From Apathy to Empathy: Rapes & Us
In the changing social scenario, new challenges have emerged. Following independence the country was struggling with establishing itself as a political and economic leader, bridging gaps through infrastructure development and indigenous growth formulae; but today the context has changed. Not to say that the challenges of a nascent India have been overcome, but additional problems have accumulated. Our growing population and the oft cited social and economic unrest, have catapulted to the fore increasing number of crimes.
What concerns me today is not the Herculean problem of crimes in general, but the increasing incidence of the same towards women. The growing number of cases along with a visible apathy among the mass and the leadership towards these crimes is rather disconcerting.
It seems somehow that in the run to making ourselves a better, more prosperous nation and people, some of the basic things have been lost. Our value of and for people, their lives, our sensitivity and connectedness with their pains and struggles, seem like notions of a long forgotten past. What has happened is that more and more of us have gotten increasingly mired in the daily hassles of our existence, trying to make ends meet and generating a better lifestyle. At the same time, our threshold for shock seems to have been raised, given the increasing desensitization which has happened on account of the number of incidences of rape and violence towards women happening around us. It appears that we need increasingly gruesome crimes and events to get some kind of a reaction out of us.
Our society, it appears, is in a state of “apathy”, especially towards women. What is worrisome is the burgeoning challenge of building a state of “empathy”, creating a feeling of oneness and concern for the other – an “other”, who may well be unknown, not having a face, yet bringing with her the experience of being brutally victimized and reduced to an object.

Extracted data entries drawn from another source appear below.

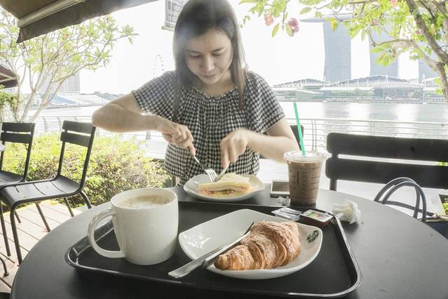 日出过后,天开始转阴,有点闷热,我沿着滨海湾一路散步,其实我很喜欢用散步来欣赏一个城市的。
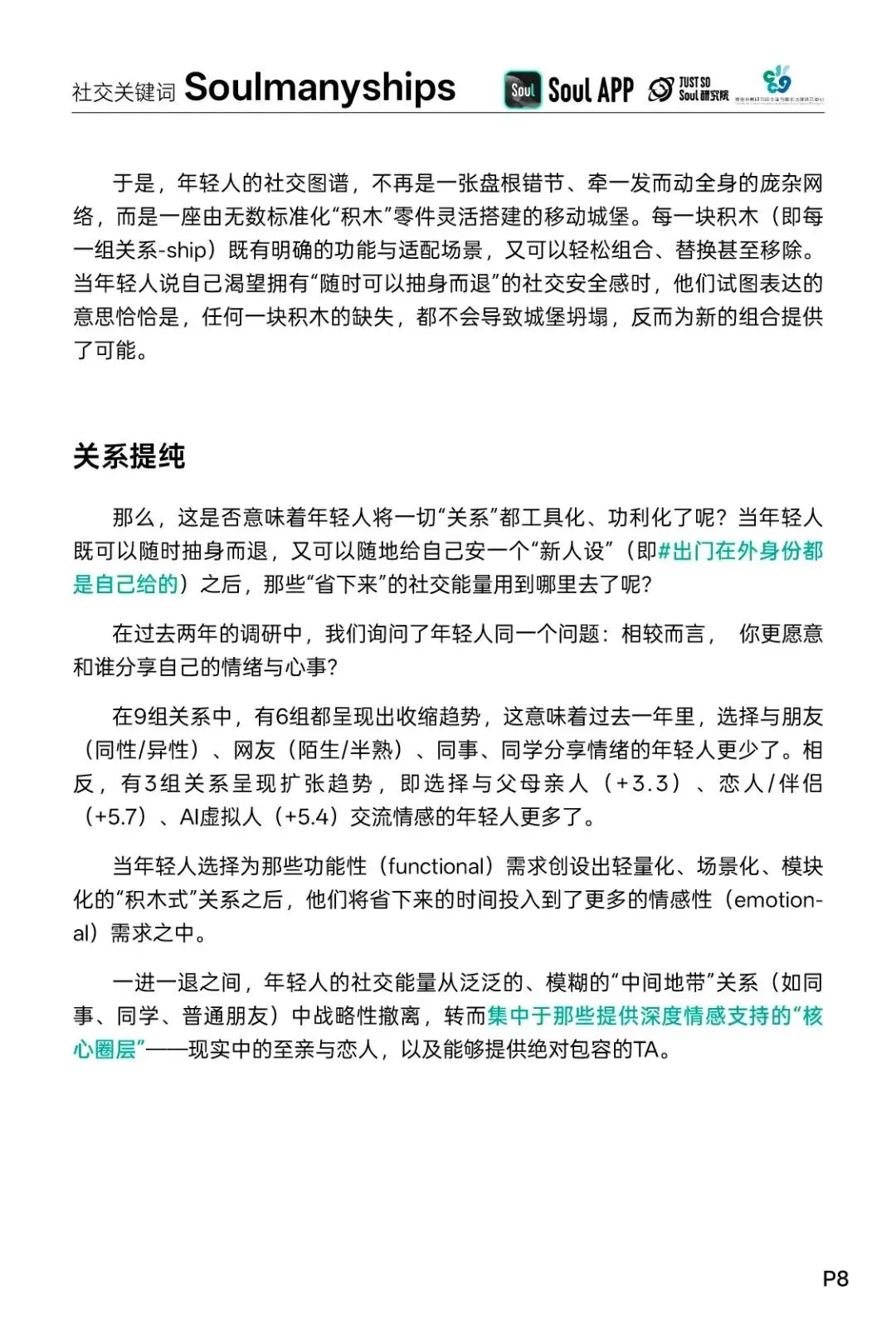 1、Soulmanyships:年轻人正在用越来越垂直的"关系"(ship)去定义多元化的生活场景。而当社交从盘根错节的网络变成可拆装的积木城堡,我们终于能让浅关系更轻盈,深关系更厚重。
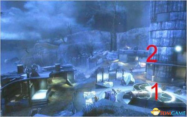 先清掉右边小屋里的敌兵,然后在标记1处有狙击枪可拿。狙掉标记2和箭头处的豺狼兵,我们可以不理会下面那辆幽魂号,直接从箭头方向到标记2处开启开关。然后回到基地。

Everything starts at the grass root level, right from the children in schools going on to the adults in society. A sweeping change is required in the way we approach these situations, creating a sense of responsibility and applying a dynamic approach to building stronger mechanisms of support. What needs to happen legislatively would happen in its due course, but the question is more about the individuals in society. We need to move towards bringing a sense of sensitivity, targeting the population through media and creating awareness in schools.